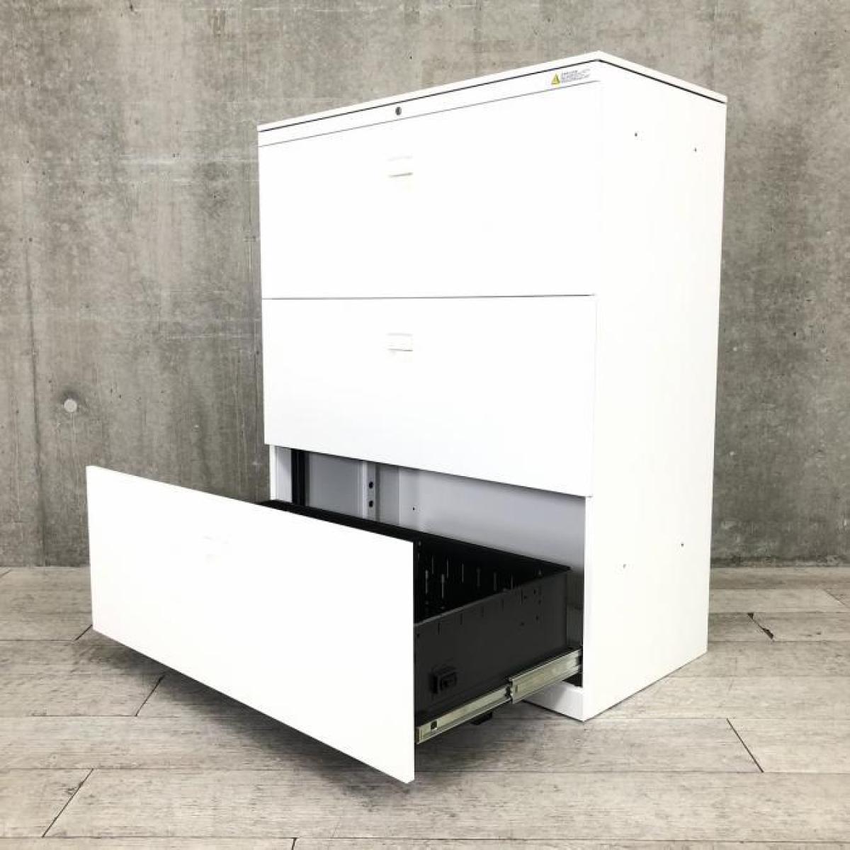 【大きく開いて収納物が見やすく、収納力も抜群!どの空間でも使いやすいホワイトカラー!】■オカムラ(okamura)製 SAデュオラインシリーズ 3段ラテラル ローキャビネット W900×D450㎜ ■シリンダー錠 ■ホワイト ■天板付- つくば店
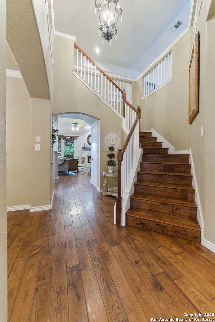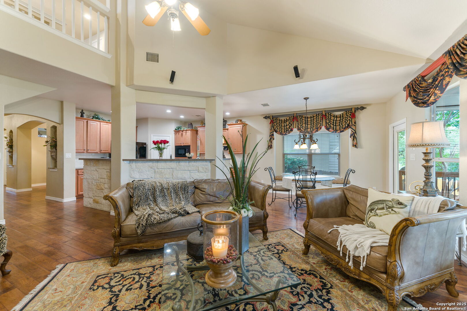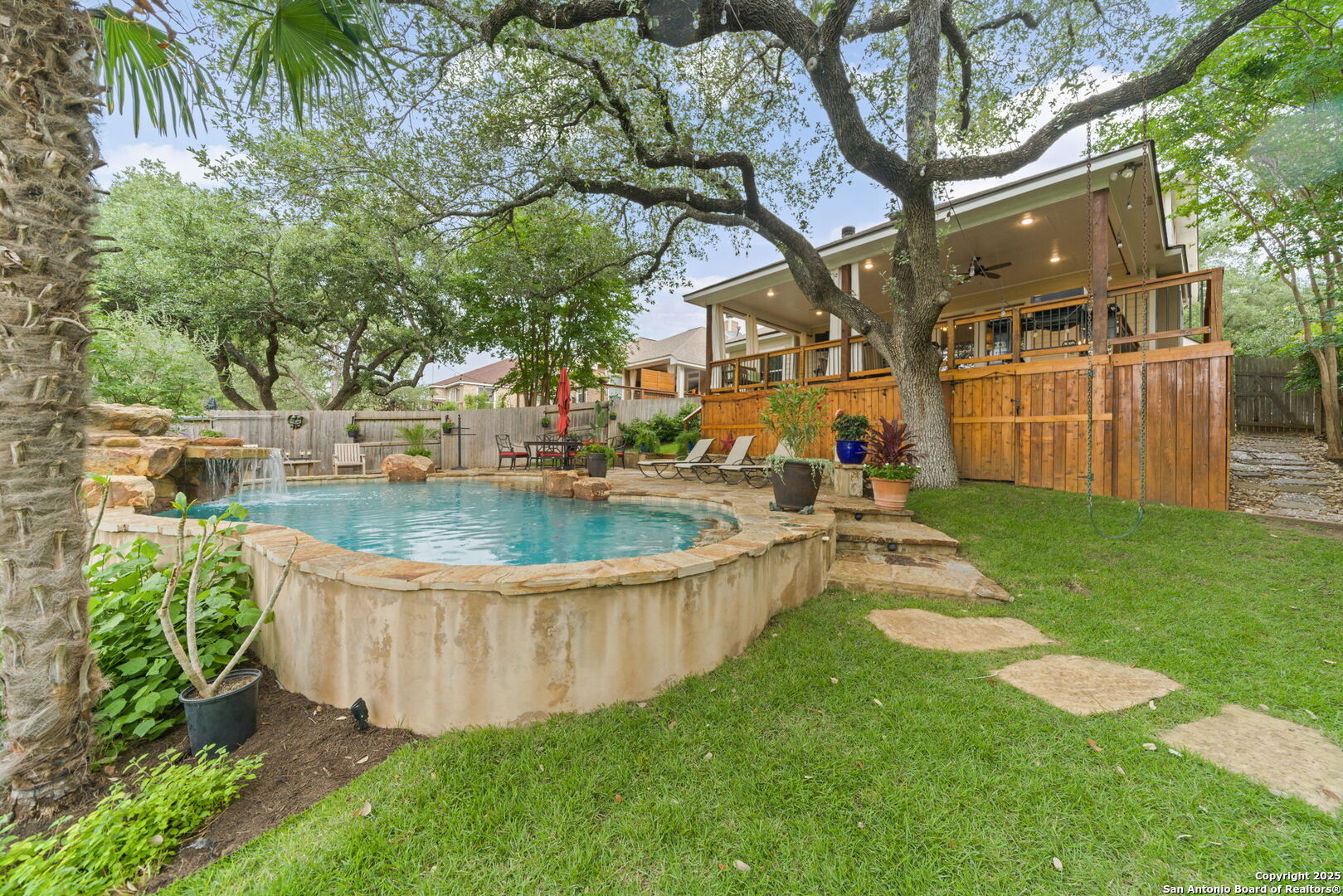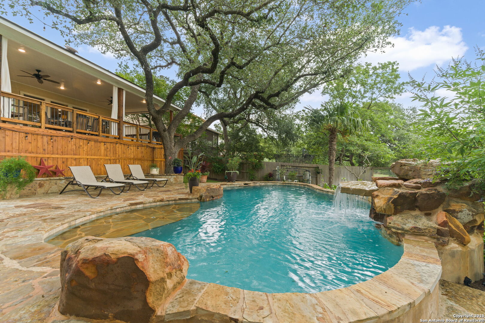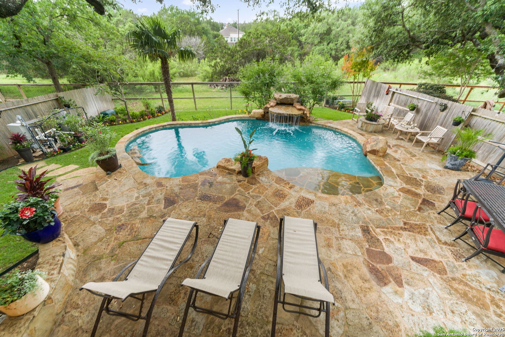 Welcome Home and discover this stunning 4 bdrm almost 3500sq ft beauty located in a prestigious gated community within the highly desirable Piper High School. This beautiful residence offers the perfect blend of luxury, privacy and outdoor living. Inside you will find elegant hardwood floors throughout the spacious downstairs living areas, including a large primary suite conveniently located on the first floor. This primary retreat is a true sanctuary featuring a relaxing master bath with separate shower and large tub- ideal for relaxing after a long day. Upstairs you will find 3 generous sized bedrooms with a gameroom/media area perfect for entertaining friends. This home's open, flexible and airy layout is the ideal blend of versalitily and space complete with surround sound speakers thoughout. Step outside to Your Ultimate retreat, where a large covered patio provides the best of relaxation and entertaining overlooking the sparkling inground Keith Zars Pool and surrounded by flagstone decking and mature trees. Your backyard is a true highlight, featuring lush landscaping, a serene waterfall with charming grotto creating a resort like atmosphere. This amazing space backs up to a beautiful view of the greenspace behind it. Wonderful addition to a home giving you added privacy and tranquility. This home offers the perfect blend of entertaining and relaxation. Ultimate place to host family and friends for gatherings or kick back and relax in your own personal paradise. The best of both worlds in one place. Make this your next home...Come and enjoy everything this home has to offer!!! Great neighborhood ammenties: tennis, pickleball, volleyball court, swimming pool and more!!!
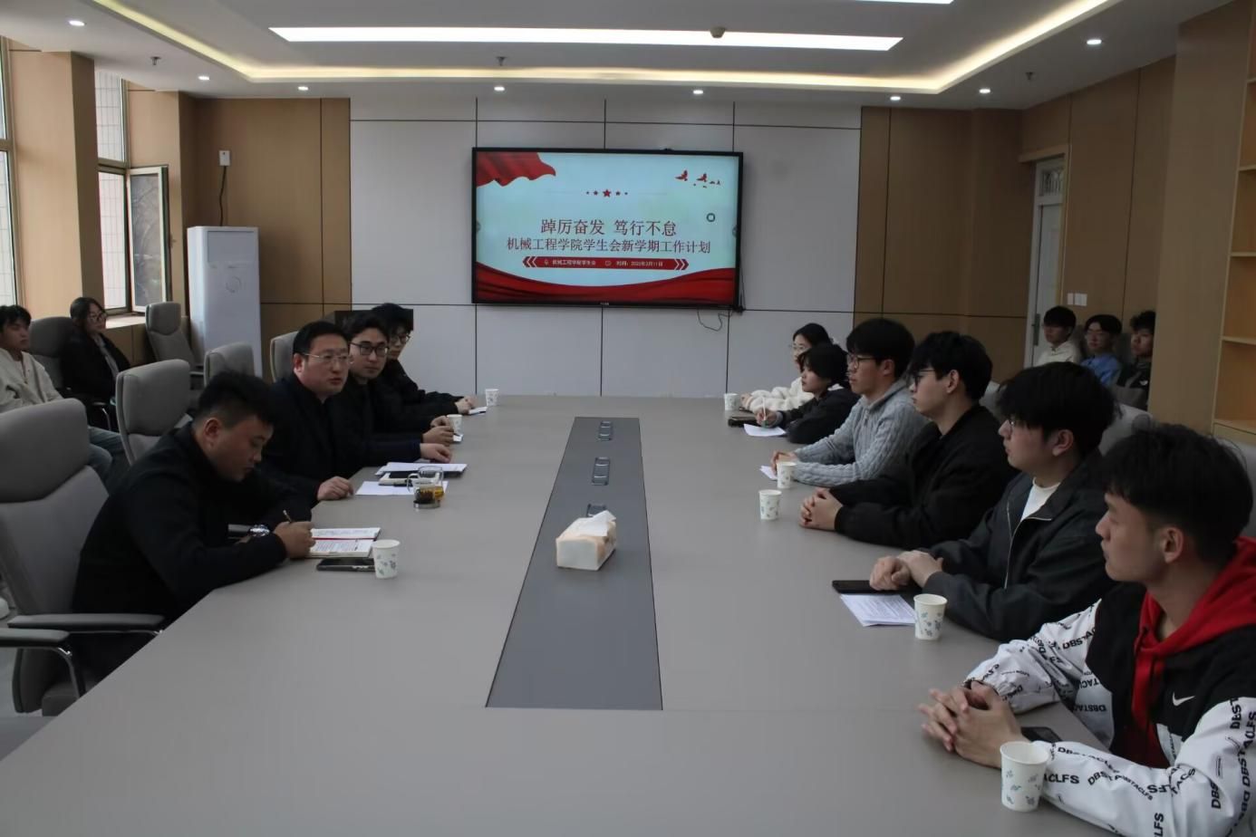 近日,机械工程学院学生会工作会议在学院会议室成功召开,学院党委副书记、副院长孙成政、团委书记薛浩、学生会主席团、各部门学生负责人参会。
++++++++++
Exercise directions
Repeat the listing exactly, pictures excluded.

Expected output
 【大きく開いて収納物が見やすく、収納力も抜群!どの空間でも使いやすいホワイトカラー!】■オカムラ(okamura)製 SAデュオラインシリーズ 3段ラテラル ローキャビネット W900×D450㎜ ■シリンダー錠 ■ホワイト ■天板付- つくば店
 Welcome Home and discover this stunning 4 bdrm almost 3500sq ft beauty located in a prestigious gated community within the highly desirable Piper High School. This beautiful residence offers the perfect blend of luxury, privacy and outdoor living. Inside you will find elegant hardwood floors throughout the spacious downstairs living areas, including a large primary suite conveniently located on the first floor. This primary retreat is a true sanctuary featuring a relaxing master bath with separate shower and large tub- ideal for relaxing after a long day. Upstairs you will find 3 generous sized bedrooms with a gameroom/media area perfect for entertaining friends. This home's open, flexible and airy layout is the ideal blend of versalitily and space complete with surround sound speakers thoughout. Step outside to Your Ultimate retreat, where a large covered patio provides the best of relaxation and entertaining overlooking the sparkling inground Keith Zars Pool and surrounded by flagstone decking and mature trees. Your backyard is a true highlight, featuring lush landscaping, a serene waterfall with charming grotto creating a resort like atmosphere. This amazing space backs up to a beautiful view of the greenspace behind it. Wonderful addition to a home giving you added privacy and tranquility. This home offers the perfect blend of entertaining and relaxation. Ultimate place to host family and friends for gatherings or kick back and relax in your own personal paradise. The best of both worlds in one place. Make this your next home...Come and enjoy everything this home has to offer!!! Great neighborhood ammenties: tennis, pickleball, volleyball court, swimming pool and more!!!
 近日,机械工程学院学生会工作会议在学院会议室成功召开,学院党委副书记、副院长孙成政、团委书记薛浩、学生会主席团、各部门学生负责人参会。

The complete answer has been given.